We used a timeline of a veteran's journey to see where where we could prevent addiction from developing. The team decided that the best chance any veteran would have would be in basic training. More specifically, we thought that there may be ways to increase coping methods in the context of basic training. We wanted to develop the outline of a co-design session in order to co-create an experience for soldiers that include the development of coping skills such that veterans, whether managing pain or PTSD, have a foundation in coping already.

IMG_1476.JPG
 

Design - Organizing the Co-Design Session

We decided we needed representation from the VA, the Army, and coping specialists in health and wellness in order to develop a solution that would be most effective. The co-design session would be held at Fort Bragg, North Carolina, and deliverables from this session would include such artifacts as a veteran journey map and a 2x2 matrix of self care practices that already exist in a soldiers life such that we can find opportunities to build off of these.

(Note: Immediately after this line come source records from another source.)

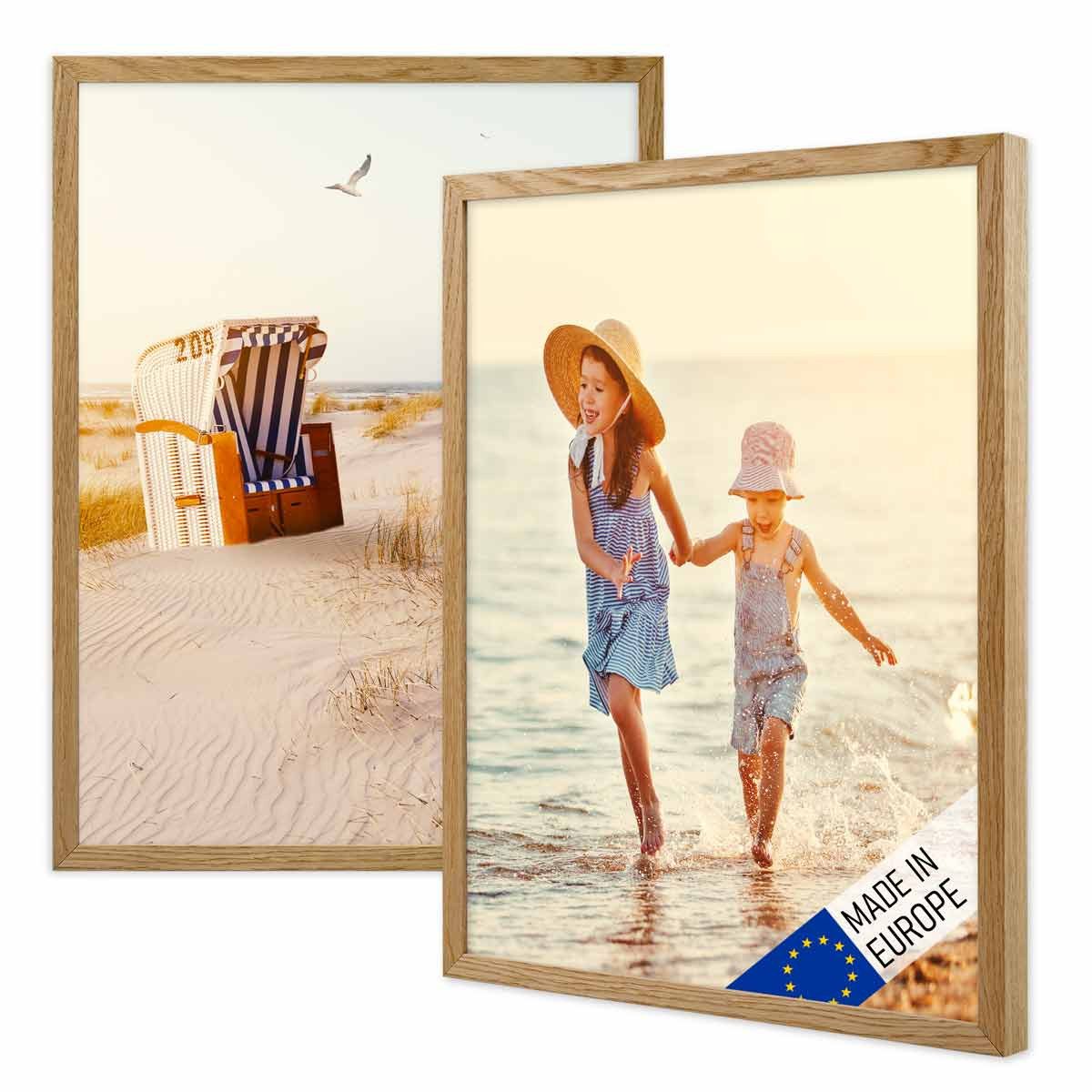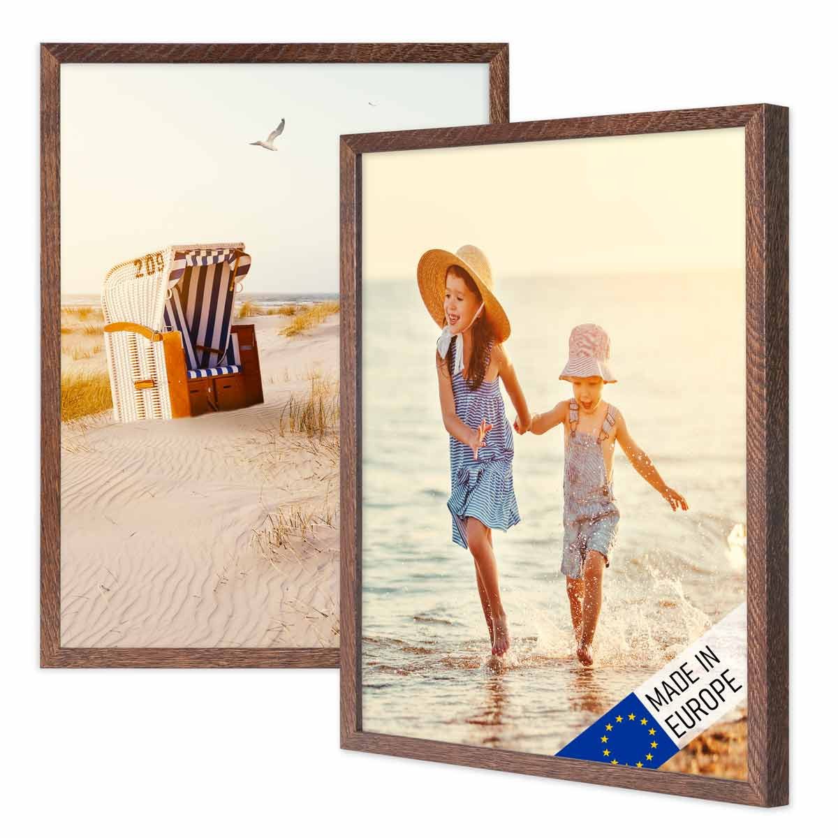 Holzrahmen mit bruchsicherer Acrylglasscheibe. Durch seinen zeitlosen Look passt der Bilderrahmen zu fast jedem Einrichtungsstil. Insbesondere für die langfristige Dekoration von Wohnzimmer, Flur, Küche oder Schlafzimmer ist der robuste Holz-Bilderrahmen perfekt geeignet. Mit seinem geradlinigen Schnitt und seinem zurückhaltenden Farbton kommt der Bilderrahmen aus Holz in jedem Raum zur Geltung, ohne sich dabei aufzudrängen. Fotos, Urlaubsbilder oder andere Erinnerungsstücke werden sowohl aufgestellt als auch aufgehängt an der Wand dezent in Szene gesetzt, wobei der Fokus auf das Motiv gelenkt wird. Kombiniert mit anderen Größen lässt sich eine zeitlose Bilderwand mit individuellem Charakter ganz einfach selbst gestalten - egal ob die Bilderrahmen dabei ganz symmetrisch in einer Reihe, als Raster oder locker über die Wand verteilt angeordnet werden. (Motive und Dekoration sind nicht im Lieferumfang enthalten.)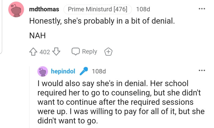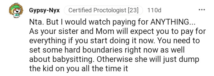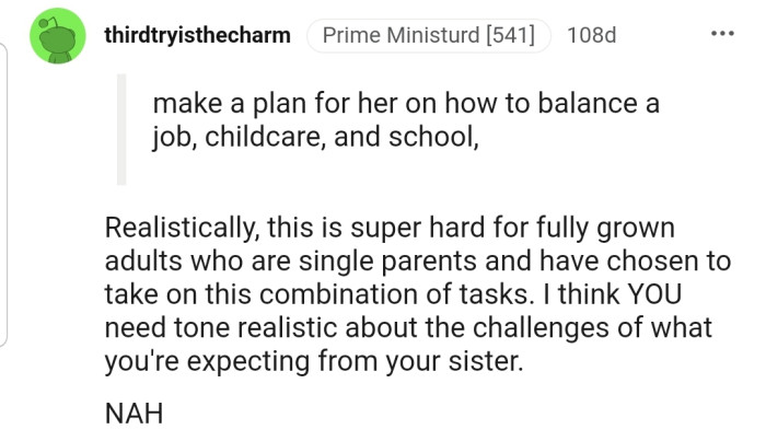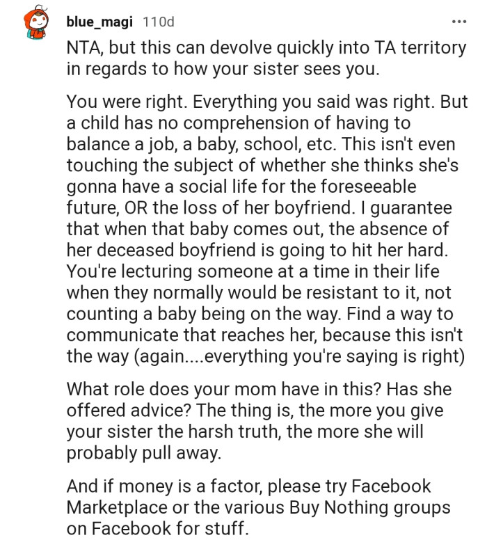 For the Redditor, employing such strategies could facilitate a more constructive conversation with their sister. Instead of expressing frustration, they could express concern for her well-being and offer support in finding affordable solutions. Research shows that active listening and validation of feelings can decrease defensiveness and promote a more collaborative problem-solving approach (Rogers & Farson, 1987). Ultimately, fostering a supportive atmosphere can help both siblings navigate the complexities of impending parenthood together.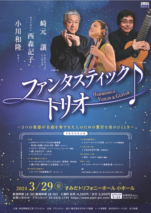 プランピットでは、「時ノ空間」というテーマで過去10回にわたり楽器のもつ素晴らしい響きをデュオ・トリオといった編成で企画してまいりました。今回は、「ハーモニカ」と「ヴァイオリン」そして「ギター」というトリオで演奏いたします。クラッシックをハーモニカで演奏?と思われている方に是非一度は、聴いていただきたいコンサートです。 ハーモニカを他の楽器と肩を並べることができる表現を持った演奏することを掲げられ音楽家生活55年以上活躍されている日本を代表するアーティスト崎元讓さんを中心に今回はハーモニカの他にヴァイオリンそしてギターを加えたトリオの演奏です。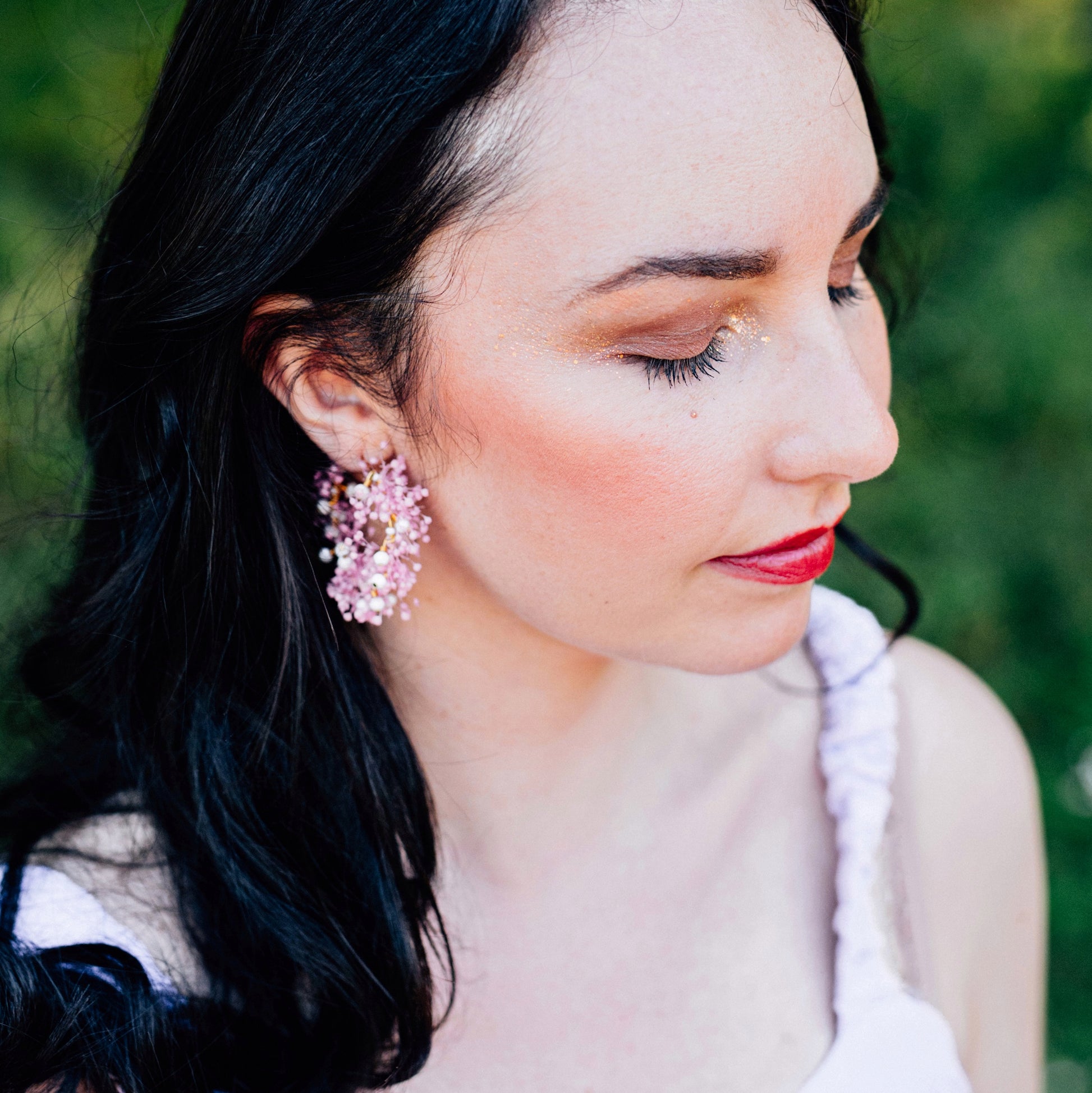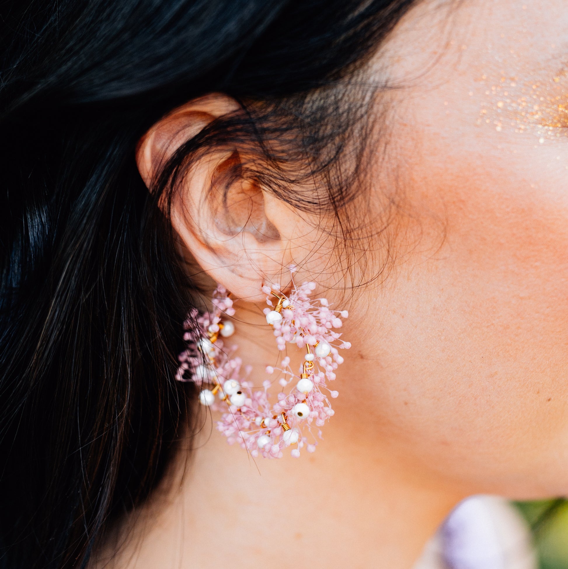 Les boucles d'oreilles sont réalisées à la main par mes soins. Ce travail artisanal fait de chaque produit un objet unique et peu présenter des variantes minimes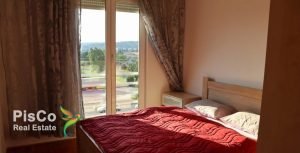 The apartment is nicely decorated, comfortable. The living room is spacious, with a corner sofa, TV and air conditioning. It includes a dining area with a table and chairs. The kitchen is separate, with all the necessary elements and appliances. The bedroom has a large double bed and a wardrobe. The bathroom is tidy, with a washing machine. The apartment has a terrace on the first floor, exiting from the living room, while the bedroom has a French balcony.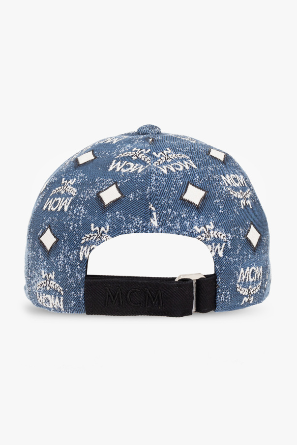 Blue baseball cap from MCM. This design features a white and black monogram pattern and adjustable strap with velcro at the back.
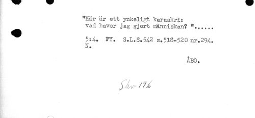 //// "Här är ett ynkeligt karaskri: //// vad haver jag gjort människan? "...... //// 5:4. PY. S.L.S.542 s.518-520 nr.294. //// N. //// ÅBO. ////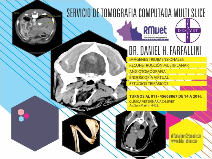 Clínica Veterinaria DESIVET cuenta con el servicio de Tomografía Computada Multislice a cargo del Dr. Daniel H. Farfallini. Palabras clave: Tomografía Computada Multislice. Veterinaria.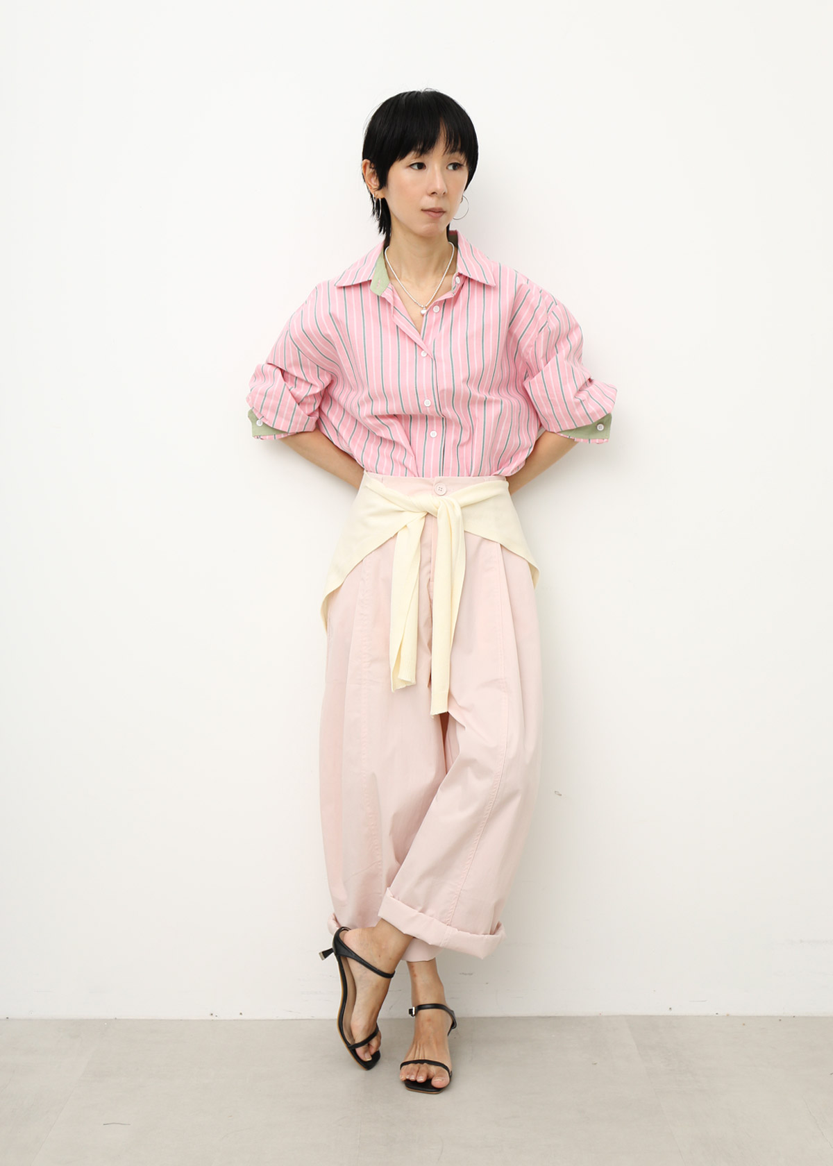 Yen is 163cm, UK 10 for top and bottom.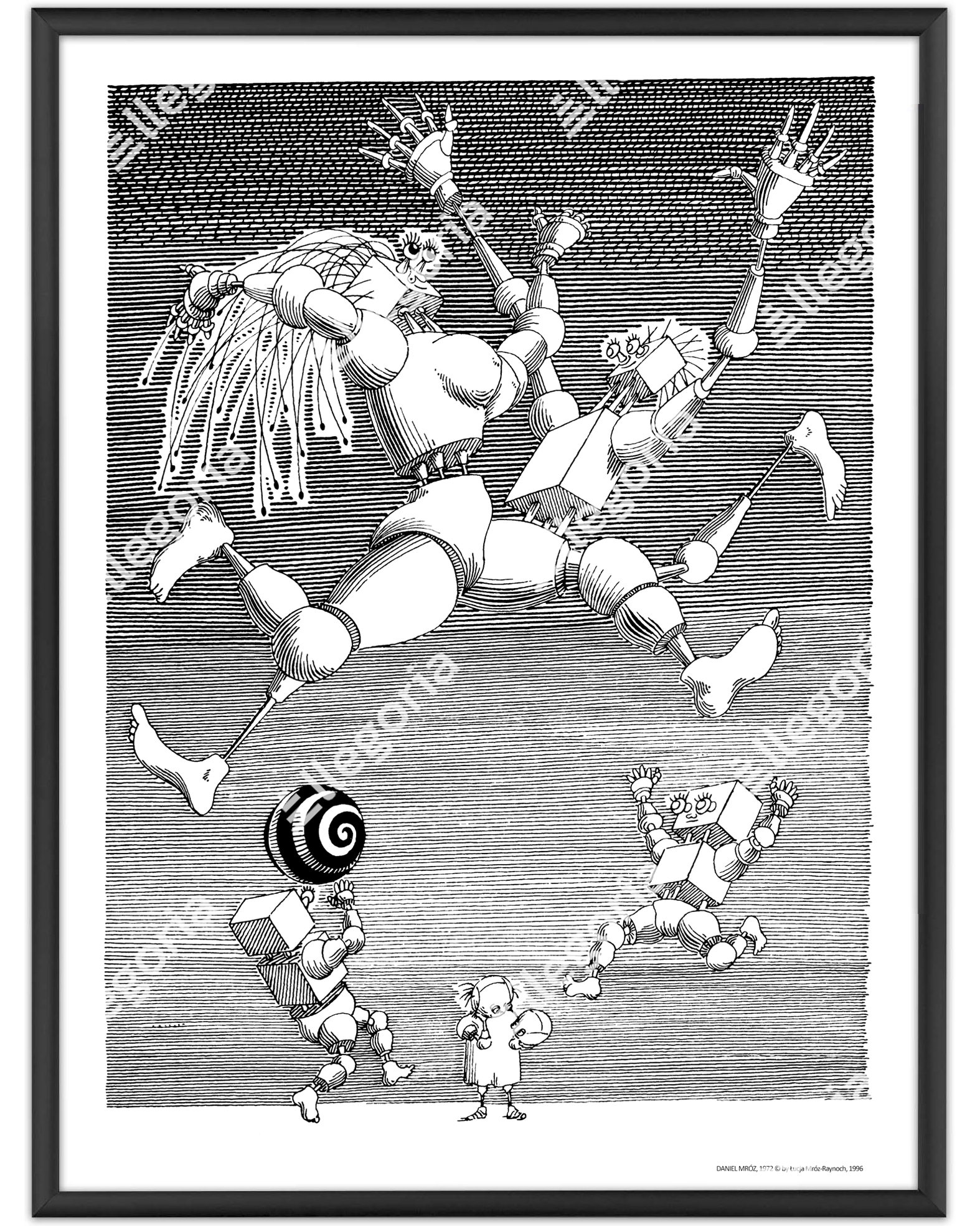 Ilustracja Daniela Mroza do opowiadania “Altruizyna czyli opowieść prawdziwa o tym, jak pustelnik Dobrycy kosmos uszczęśliwić zapragnął i co z tego wynikło” z Cyberiady Stanisława Lema.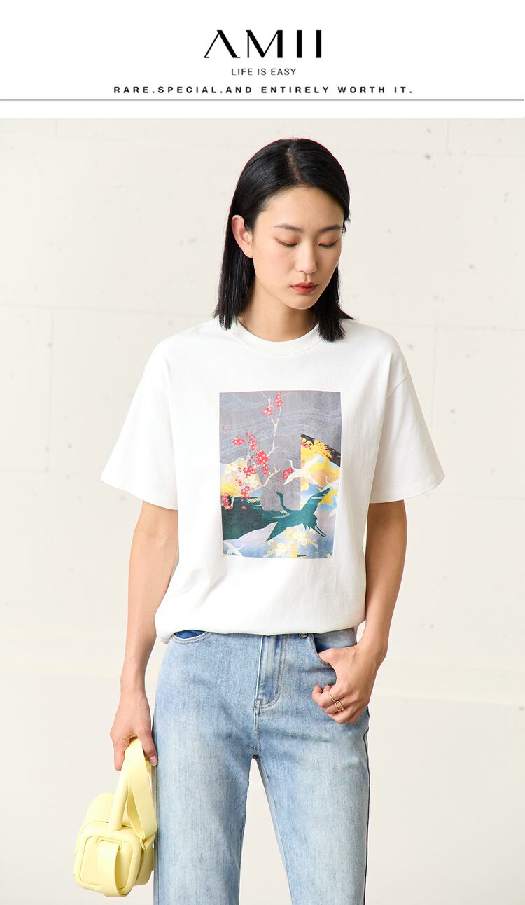 送料無料 アパレル AMII ミニマリズム Tシャツ女性 2023 夏 O ネック半袖シックなプリント綿 100% ルーズ Tシャツ 72352006 ショート コットン サマー 夏物 Oネック AE121222313550592958 | mihatudai(みはつばい)ネットショッピングならmihatudai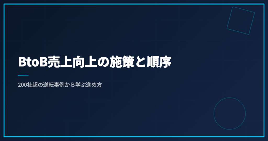 BtoBの売上向上施策は、集客・成約率・客単価の3要素を分解し、ボトルネックがどこかを診断することから始まります。施策を増やす前に、売れる型の可視化とKPI整合という前提を整えると、投資対効果が安定します。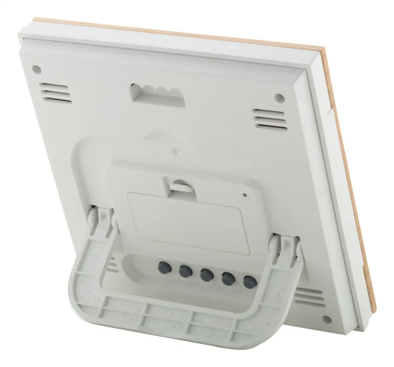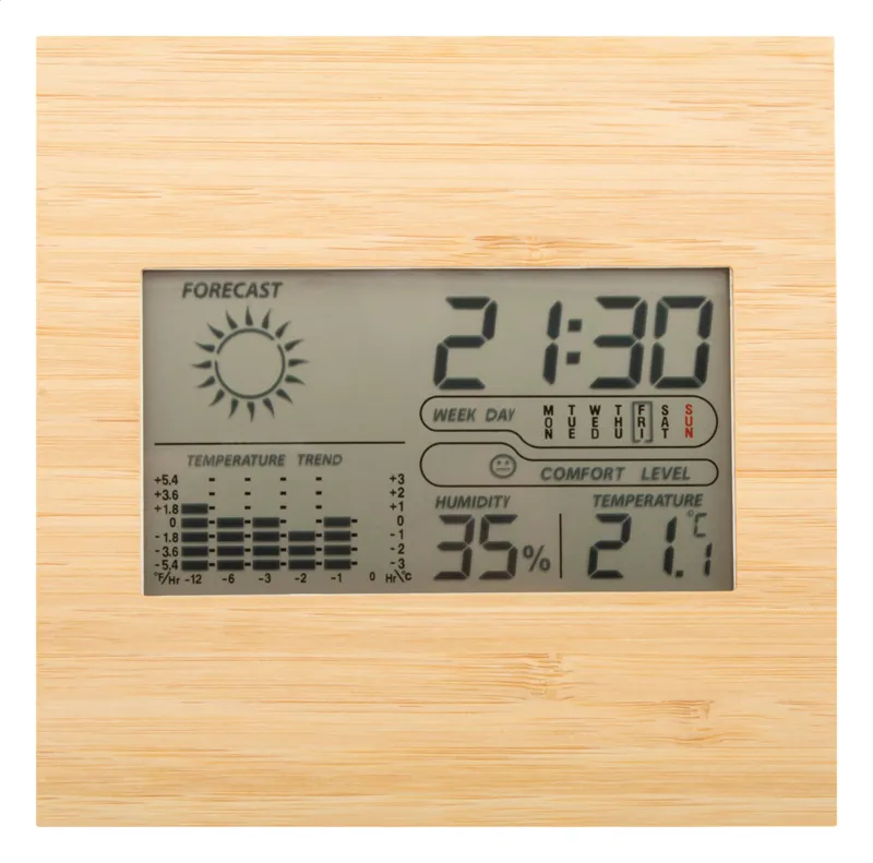 Digitális óra és időjárás-állomás bambusz előlappal. Funkciók: óra, naptár, hőmérő, páratartalom-mérő és hőmérsékletváltozás-memória. Elem nélkül szállítjuk. 2 db AAA elemmel működik.

One of these schedules is participant facing while the other is design group facing for us to plan on outcomes and make sure we come prepared with the right materials. 

 

Outcomes - Co-Design Artifacts

While this co-design session never actually happened, here are some artifacts that would have come out of the co-design session. You can see that there are many acts of self-care that already take place in a soldiers life. The ideas now is to build off of these such that self-care and methods for coping become second nature, just like the honing of other skills in basic training.

The yoga and meditation specialists ultimately would need to work with the other parties present at this co-design session to produce actionable ways for the Army to incorporate self-care into basic training such that it becomes second nature. Basic training is meant to break a soldier down and build them back up as soldiers. If a part of that build up could be effective self-care practices, then throughout a soldiers journey, they would have these skills to draw from.

 

Takeaways

Civilians cannot begin to completely understand the journey of a soldier, but our hope was to create a solution with veterans so that their voices would be heard, and thus this would be a veteran-driven solution. I would like to someday have this co-design session so that perhaps we could really put a stop to what could be a soldiers journey into addiction. It seems so unfair that the people who have served our country are made so vulnerable. They deserve better, and I think having a veteran-driven solution is the best way to do this.